Radford returned to Rutherford County with Dr. Frank Weir. The two had planned to open a practice together; but shortly after the small office across from Tri-High School opened for business, Weir was drafted into the service. Radford remained to take on the heavy load of calls alone.
“It was very demanding, but very rewarding, to be the only doctor in the area,” he says. “There’s satisfaction knowing everyone depends on you. And it’s a lot of long hours.”
The long hours included getting up in the middle of the night for house calls, something he started to do less of with a decline in his health and with the increasing number of specialists in the area. Many of the tasks once left to Radford now belong to specialists who have moved into the Cleveland and Rutherford County areas.
“I used to do deliveries,” he says, “but I stopped about 10 or 12 years ago when I could send them to the ObGyn (obstetrics and gynecology) specialists. They were better trained.”
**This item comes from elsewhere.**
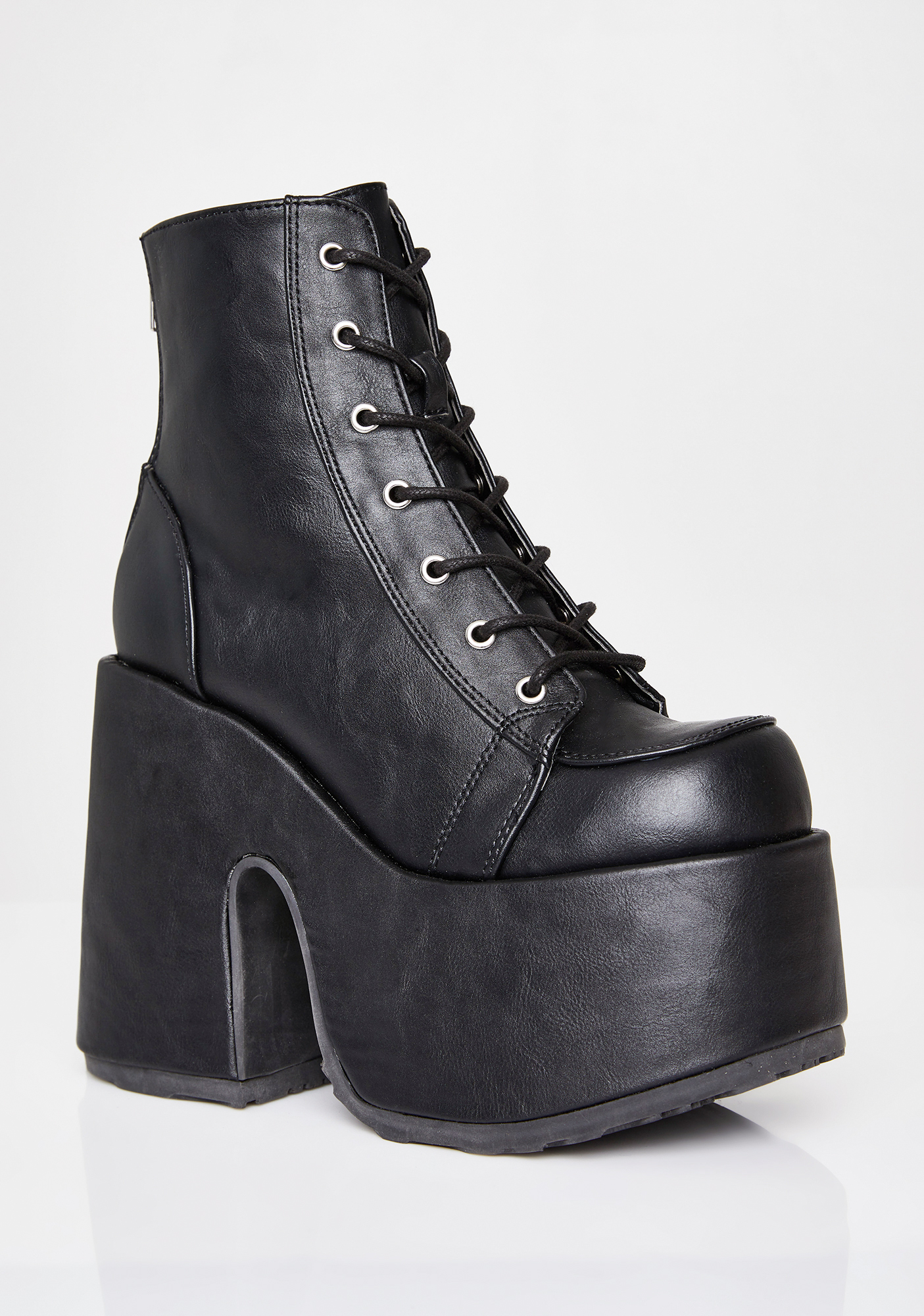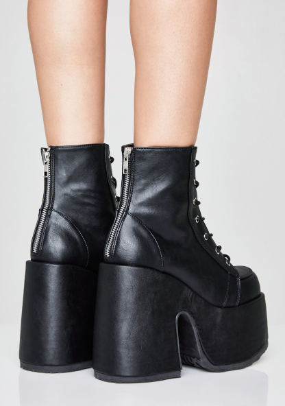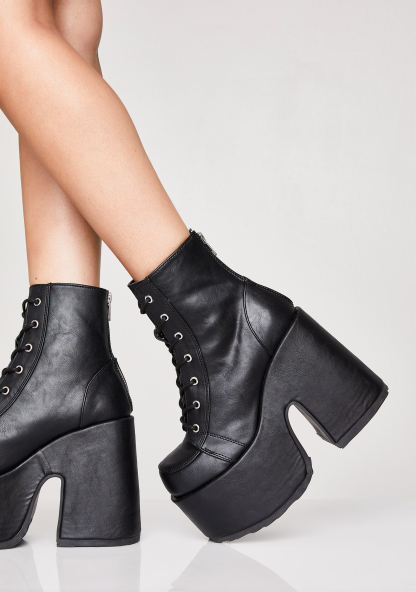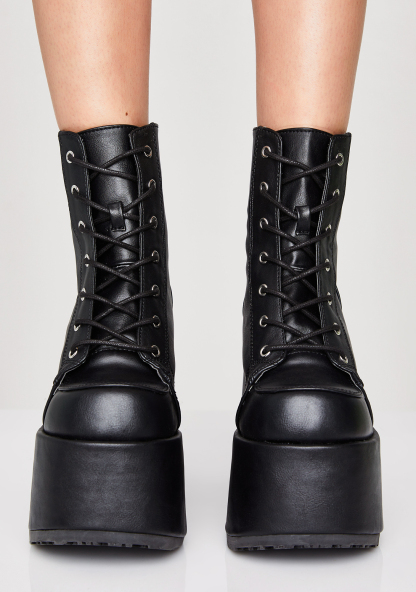 Matte Rave Royalty Platform Boots should we curtsy? These matte vegan leather boots have an ultra thicc platform sole ‘N heel, adjustable lace-ups, and back zip closures.

The medical community has changed dramatically throughout the years, but Radford never failed to keep up with the advances – even in prices. When he first opened his practice, the cost of an office visit was $2; house calls were $4. By 1983, a visit to his office ran $14.
In addition to keeping pace with the monetary rewards, he attended classes at the hospital in Shelby on Tuesdays and in Rutherfordton on Thursdays to keep abreast of the new techniques and discoveries. Even with retirement, Radford plans to remain licensed, just in case, he says, he gets bored with his new-found freedom.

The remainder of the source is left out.